#### Source data:
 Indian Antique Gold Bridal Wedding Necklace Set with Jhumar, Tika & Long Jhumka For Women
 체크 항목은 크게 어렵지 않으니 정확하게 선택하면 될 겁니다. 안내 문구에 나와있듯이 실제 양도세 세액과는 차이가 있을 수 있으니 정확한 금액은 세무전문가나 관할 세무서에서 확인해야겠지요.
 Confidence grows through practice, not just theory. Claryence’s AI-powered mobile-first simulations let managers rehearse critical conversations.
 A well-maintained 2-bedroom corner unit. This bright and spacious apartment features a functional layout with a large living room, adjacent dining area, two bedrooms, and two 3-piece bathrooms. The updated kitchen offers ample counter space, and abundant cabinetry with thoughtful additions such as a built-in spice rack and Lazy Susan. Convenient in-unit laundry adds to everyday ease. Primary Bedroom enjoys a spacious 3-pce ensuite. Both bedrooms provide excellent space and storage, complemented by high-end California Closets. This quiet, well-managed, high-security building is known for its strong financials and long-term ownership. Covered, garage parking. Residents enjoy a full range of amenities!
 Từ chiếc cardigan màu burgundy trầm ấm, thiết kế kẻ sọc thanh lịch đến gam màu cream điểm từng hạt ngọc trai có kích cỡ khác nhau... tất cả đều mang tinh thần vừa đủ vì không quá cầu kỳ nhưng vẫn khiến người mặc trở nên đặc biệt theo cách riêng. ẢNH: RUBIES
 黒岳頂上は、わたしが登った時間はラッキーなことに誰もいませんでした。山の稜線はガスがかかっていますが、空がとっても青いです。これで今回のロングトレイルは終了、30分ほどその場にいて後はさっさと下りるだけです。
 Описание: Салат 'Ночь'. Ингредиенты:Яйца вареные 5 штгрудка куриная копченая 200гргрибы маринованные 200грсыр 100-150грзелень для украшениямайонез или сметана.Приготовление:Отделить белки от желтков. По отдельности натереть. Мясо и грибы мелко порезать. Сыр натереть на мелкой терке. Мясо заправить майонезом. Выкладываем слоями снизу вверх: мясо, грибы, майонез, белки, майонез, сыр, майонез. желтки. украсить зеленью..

#### Task objective:
Could you write out all of the data again, exactly as given?

#### Solved problem:
 Indian Antique Gold Bridal Wedding Necklace Set with Jhumar, Tika & Long Jhumka For Women
 체크 항목은 크게 어렵지 않으니 정확하게 선택하면 될 겁니다. 안내 문구에 나와있듯이 실제 양도세 세액과는 차이가 있을 수 있으니 정확한 금액은 세무전문가나 관할 세무서에서 확인해야겠지요.
 Confidence grows through practice, not just theory. Claryence’s AI-powered mobile-first simulations let managers rehearse critical conversations.
 A well-maintained 2-bedroom corner unit. This bright and spacious apartment features a functional layout with a large living room, adjacent dining area, two bedrooms, and two 3-piece bathrooms. The updated kitchen offers ample counter space, and abundant cabinetry with thoughtful additions such as a built-in spice rack and Lazy Susan. Convenient in-unit laundry adds to everyday ease. Primary Bedroom enjoys a spacious 3-pce ensuite. Both bedrooms provide excellent space and storage, complemented by high-end California Closets. This quiet, well-managed, high-security building is known for its strong financials and long-term ownership. Covered, garage parking. Residents enjoy a full range of amenities!
 Từ chiếc cardigan màu burgundy trầm ấm, thiết kế kẻ sọc thanh lịch đến gam màu cream điểm từng hạt ngọc trai có kích cỡ khác nhau... tất cả đều mang tinh thần vừa đủ vì không quá cầu kỳ nhưng vẫn khiến người mặc trở nên đặc biệt theo cách riêng. ẢNH: RUBIES
 黒岳頂上は、わたしが登った時間はラッキーなことに誰もいませんでした。山の稜線はガスがかかっていますが、空がとっても青いです。これで今回のロングトレイルは終了、30分ほどその場にいて後はさっさと下りるだけです。
 Описание: Салат 'Ночь'. Ингредиенты:Яйца вареные 5 штгрудка куриная копченая 200гргрибы маринованные 200грсыр 100-150грзелень для украшениямайонез или сметана.Приготовление:Отделить белки от желтков. По отдельности натереть. Мясо и грибы мелко порезать. Сыр натереть на мелкой терке. Мясо заправить майонезом. Выкладываем слоями снизу вверх: мясо, грибы, майонез, белки, майонез, сыр, майонез. желтки. украсить зеленью..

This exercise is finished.